» Directions
Please print the full listing below exactly, but not the pictures in it.
Records shown Block Start
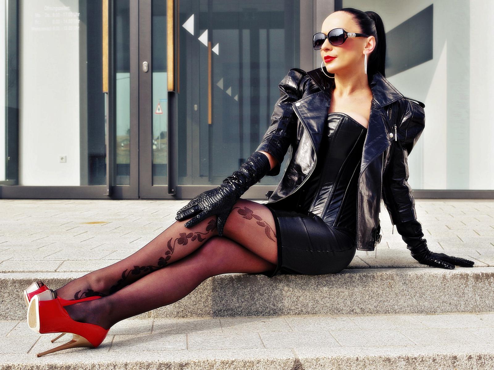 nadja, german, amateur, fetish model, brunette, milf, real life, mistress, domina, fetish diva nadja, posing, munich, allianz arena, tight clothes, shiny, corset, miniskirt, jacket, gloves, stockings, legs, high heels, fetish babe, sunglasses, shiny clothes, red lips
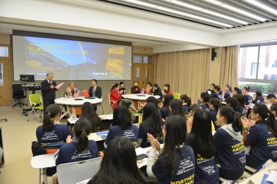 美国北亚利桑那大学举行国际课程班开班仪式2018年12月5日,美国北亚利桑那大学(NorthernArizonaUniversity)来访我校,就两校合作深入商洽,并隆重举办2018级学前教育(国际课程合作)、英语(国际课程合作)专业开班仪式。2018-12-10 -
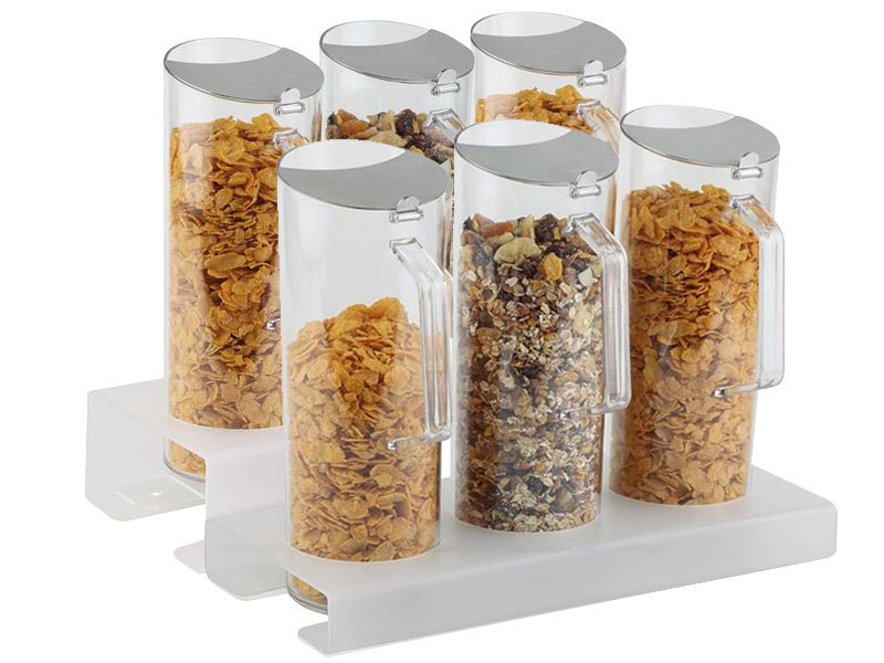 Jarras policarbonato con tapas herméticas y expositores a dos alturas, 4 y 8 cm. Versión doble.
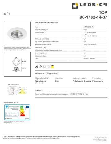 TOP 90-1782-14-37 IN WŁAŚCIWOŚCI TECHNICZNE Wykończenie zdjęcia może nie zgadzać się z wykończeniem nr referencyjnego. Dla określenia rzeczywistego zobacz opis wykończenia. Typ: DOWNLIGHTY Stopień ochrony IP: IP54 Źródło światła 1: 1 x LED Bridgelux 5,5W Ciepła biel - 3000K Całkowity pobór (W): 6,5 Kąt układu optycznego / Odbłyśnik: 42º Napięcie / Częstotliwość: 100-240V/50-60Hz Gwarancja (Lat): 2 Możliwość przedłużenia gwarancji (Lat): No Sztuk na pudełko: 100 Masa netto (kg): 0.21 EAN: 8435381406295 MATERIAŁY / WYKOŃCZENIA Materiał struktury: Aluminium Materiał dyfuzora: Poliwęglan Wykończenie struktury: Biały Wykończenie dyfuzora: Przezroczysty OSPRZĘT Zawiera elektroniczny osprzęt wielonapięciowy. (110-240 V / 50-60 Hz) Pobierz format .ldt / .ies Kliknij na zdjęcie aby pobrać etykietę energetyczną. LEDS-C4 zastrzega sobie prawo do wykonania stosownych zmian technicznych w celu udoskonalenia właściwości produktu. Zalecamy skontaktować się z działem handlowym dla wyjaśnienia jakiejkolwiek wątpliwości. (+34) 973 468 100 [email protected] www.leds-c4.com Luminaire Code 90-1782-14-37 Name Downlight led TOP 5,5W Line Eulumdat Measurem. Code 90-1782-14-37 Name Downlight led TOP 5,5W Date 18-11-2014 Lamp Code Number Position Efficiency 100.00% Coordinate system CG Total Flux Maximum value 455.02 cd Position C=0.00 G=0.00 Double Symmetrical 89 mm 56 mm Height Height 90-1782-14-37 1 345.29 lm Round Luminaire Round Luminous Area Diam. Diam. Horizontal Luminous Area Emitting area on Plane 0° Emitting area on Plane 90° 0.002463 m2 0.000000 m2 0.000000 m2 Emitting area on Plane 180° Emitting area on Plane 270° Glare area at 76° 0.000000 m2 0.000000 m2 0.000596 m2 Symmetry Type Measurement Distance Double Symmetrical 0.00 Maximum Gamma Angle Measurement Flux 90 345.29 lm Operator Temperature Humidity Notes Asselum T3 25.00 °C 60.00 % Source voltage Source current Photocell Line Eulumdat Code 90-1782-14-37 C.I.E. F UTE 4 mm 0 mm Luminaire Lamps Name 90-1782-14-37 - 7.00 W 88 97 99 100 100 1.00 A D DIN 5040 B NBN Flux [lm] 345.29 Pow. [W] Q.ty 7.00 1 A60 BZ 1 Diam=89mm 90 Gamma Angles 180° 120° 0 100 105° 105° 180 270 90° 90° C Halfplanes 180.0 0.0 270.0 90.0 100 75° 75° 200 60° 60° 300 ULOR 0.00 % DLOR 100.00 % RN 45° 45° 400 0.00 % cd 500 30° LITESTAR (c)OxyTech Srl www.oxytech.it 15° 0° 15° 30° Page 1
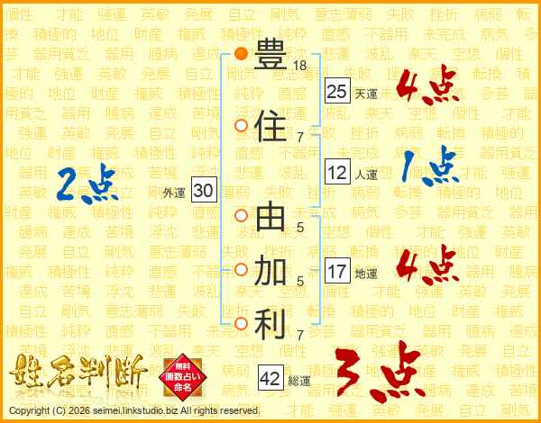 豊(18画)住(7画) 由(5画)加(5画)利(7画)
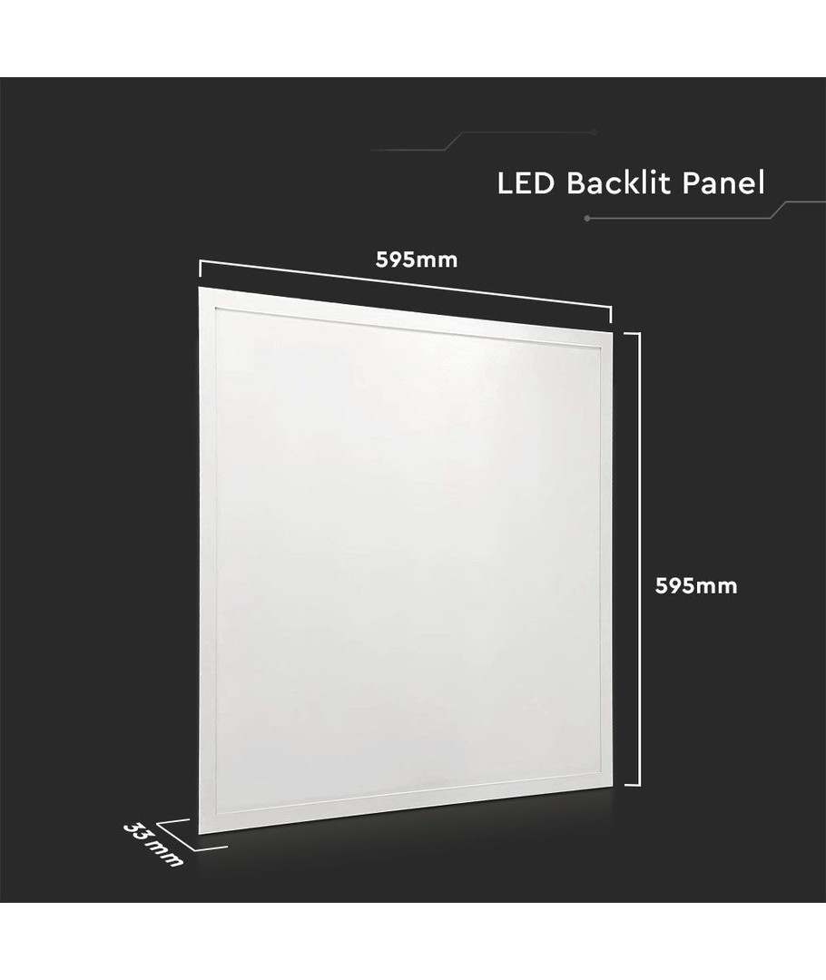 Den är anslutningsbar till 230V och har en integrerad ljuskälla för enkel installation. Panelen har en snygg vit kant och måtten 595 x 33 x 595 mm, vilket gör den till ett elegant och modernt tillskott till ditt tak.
Records shown Block End
» Expected answer
 nadja, german, amateur, fetish model, brunette, milf, real life, mistress, domina, fetish diva nadja, posing, munich, allianz arena, tight clothes, shiny, corset, miniskirt, jacket, gloves, stockings, legs, high heels, fetish babe, sunglasses, shiny clothes, red lips
 美国北亚利桑那大学举行国际课程班开班仪式2018年12月5日,美国北亚利桑那大学(NorthernArizonaUniversity)来访我校,就两校合作深入商洽,并隆重举办2018级学前教育(国际课程合作)、英语(国际课程合作)专业开班仪式。2018-12-10 -
 Jarras policarbonato con tapas herméticas y expositores a dos alturas, 4 y 8 cm. Versión doble.
 TOP 90-1782-14-37 IN WŁAŚCIWOŚCI TECHNICZNE Wykończenie zdjęcia może nie zgadzać się z wykończeniem nr referencyjnego. Dla określenia rzeczywistego zobacz opis wykończenia. Typ: DOWNLIGHTY Stopień ochrony IP: IP54 Źródło światła 1: 1 x LED Bridgelux 5,5W Ciepła biel - 3000K Całkowity pobór (W): 6,5 Kąt układu optycznego / Odbłyśnik: 42º Napięcie / Częstotliwość: 100-240V/50-60Hz Gwarancja (Lat): 2 Możliwość przedłużenia gwarancji (Lat): No Sztuk na pudełko: 100 Masa netto (kg): 0.21 EAN: 8435381406295 MATERIAŁY / WYKOŃCZENIA Materiał struktury: Aluminium Materiał dyfuzora: Poliwęglan Wykończenie struktury: Biały Wykończenie dyfuzora: Przezroczysty OSPRZĘT Zawiera elektroniczny osprzęt wielonapięciowy. (110-240 V / 50-60 Hz) Pobierz format .ldt / .ies Kliknij na zdjęcie aby pobrać etykietę energetyczną. LEDS-C4 zastrzega sobie prawo do wykonania stosownych zmian technicznych w celu udoskonalenia właściwości produktu. Zalecamy skontaktować się z działem handlowym dla wyjaśnienia jakiejkolwiek wątpliwości. (+34) 973 468 100 [email protected] www.leds-c4.com Luminaire Code 90-1782-14-37 Name Downlight led TOP 5,5W Line Eulumdat Measurem. Code 90-1782-14-37 Name Downlight led TOP 5,5W Date 18-11-2014 Lamp Code Number Position Efficiency 100.00% Coordinate system CG Total Flux Maximum value 455.02 cd Position C=0.00 G=0.00 Double Symmetrical 89 mm 56 mm Height Height 90-1782-14-37 1 345.29 lm Round Luminaire Round Luminous Area Diam. Diam. Horizontal Luminous Area Emitting area on Plane 0° Emitting area on Plane 90° 0.002463 m2 0.000000 m2 0.000000 m2 Emitting area on Plane 180° Emitting area on Plane 270° Glare area at 76° 0.000000 m2 0.000000 m2 0.000596 m2 Symmetry Type Measurement Distance Double Symmetrical 0.00 Maximum Gamma Angle Measurement Flux 90 345.29 lm Operator Temperature Humidity Notes Asselum T3 25.00 °C 60.00 % Source voltage Source current Photocell Line Eulumdat Code 90-1782-14-37 C.I.E. F UTE 4 mm 0 mm Luminaire Lamps Name 90-1782-14-37 - 7.00 W 88 97 99 100 100 1.00 A D DIN 5040 B NBN Flux [lm] 345.29 Pow. [W] Q.ty 7.00 1 A60 BZ 1 Diam=89mm 90 Gamma Angles 180° 120° 0 100 105° 105° 180 270 90° 90° C Halfplanes 180.0 0.0 270.0 90.0 100 75° 75° 200 60° 60° 300 ULOR 0.00 % DLOR 100.00 % RN 45° 45° 400 0.00 % cd 500 30° LITESTAR (c)OxyTech Srl www.oxytech.it 15° 0° 15° 30° Page 1
 豊(18画)住(7画) 由(5画)加(5画)利(7画)
 Den är anslutningsbar till 230V och har en integrerad ljuskälla för enkel installation. Panelen har en snygg vit kant och måtten 595 x 33 x 595 mm, vilket gör den till ett elegant och modernt tillskott till ditt tak.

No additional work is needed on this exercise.